P. aeruginosa is known to produce small-molecule virulence factors [33]. In the original study, based on annotations from GNPS[34], the bacterium was found to produce six molecules: 4-hydroxy-2-heptylquinoline (HHQ), Pyocyanin (PYO), Phenazine-1-carboxylic acid (PCA), 2-nonyl-4-hydroxy-quinoline (NHQ), 2-heptyl-3,4-dihydroxyquinoline (PQS, Pseudomonas quinolone signal) and Pyochelin [27]. As shown in Figure 4a, mmvec identifies these molecules with a high co-occurrence probability with P. aeruginosa. Mmvec also identifies a cluster of rhamnolipids likely produced by P. aeruginosa. Rhamnolipids are well characterized and are an important virulence factors for P. aeruginosa, contributing to biofilm development, motility on surfaces and antagonistic interactions with host inflammatory cells [35, 36]. These rhamnolipids were not identified in the original study [27]. The annotations for these compounds have been estiblished using GNPS [34].

There is a negative correlation between the first principal component learned from mmvec and the metabolites log-fold change across the oxygen gradient (Figure 4b) (Pearson r=−0.59, p-value 1.8×10−44, n=442 molecules), which is consistent with the findings in the original work. No such correlation between the oxygen gradient and the first microbial principal component was found by Pearson (r=0.11, p=0.16, n=138 microbes). There exist two notable microbes on opposing ends of the first microbial principal component: P. aeruginosa, a known pathogen, and Streptococcus, a known anaerobe. The top 100 metabolites that are specific to P. aeruginosa and Streptococcus are shown to have drastically different profiles in samples where P. aeruginosa and Streptococcus were the most abundant species (Figure 4d,e) (logratio t-test=6.51, p=4.4×10−8, n=49 samples). This provides evidence that in the context of this study, the metabolomic profiles can be largely influenced by the most abundant microbes, a notion that has important implications for understanding CF etiology. To further support this, the learned metabolite conditional probabilities for P. aeruginosa can be used to predict the metabolite proportions in the 41 samples where P. aeruginosa is the most abundant taxa. The predicted P. aeruginosa metabolite profiles alone can explain 10% of the metabolite variation in these samples (r=0.319, p=1.18×10−11, n=442 molecules).

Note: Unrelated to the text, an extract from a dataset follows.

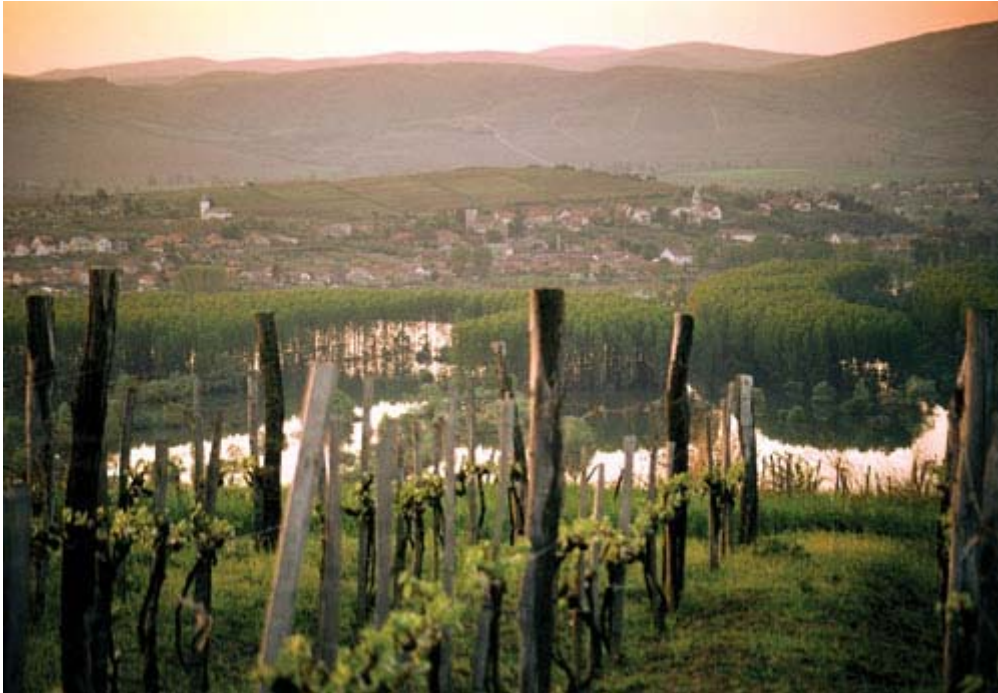
20. ábra Tokaji borvidék 20

A tokaji jelleg kialakulásához megfelelő fajták is kellettek, amelyek késői érésűek, és azt a klímát ki tudták használni. Tokaj–Hegyaljai borvidék fő fajtái a következők: Furmint, a termőterület 55 %-át, Hárslevelű, a termőterület 40 %-át, és a Sárga muskotály, a termőterület 5%-át képviseli. A legjobban aszúsodik a Furmint, kedvező körülmények között jól aszúsodik a Sárga muskotály.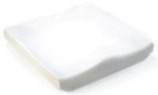
// JAY020002 JAY Basic Kissen (Bild zeigt Kissen ohne Bezug)

Of 14 quinolone molecules known to be produced by P. aeruginosa, Pearson correlation detected 9 with p<0.05 without FDR correction, and only 5 with FDR correction. For example, Pyocyanin, does not appear related to P. aeruginosa by the raw proportions (r=0.158, FDR-corrected pvalue=0.089, rank=96, n=172 samples), but is ranked 34th most associated with P. aeruginosa by mmvec (Figure S3c), consistent with culturing experiments that demonstrate that P. aeruginosa produces this molecule [37]. 18 rhamnolipids are among the top 25 metabolites most associated with P. aeruginosa by mmvec, and have higher ranks with mmvec than with Pearson correlation (Figure S3b).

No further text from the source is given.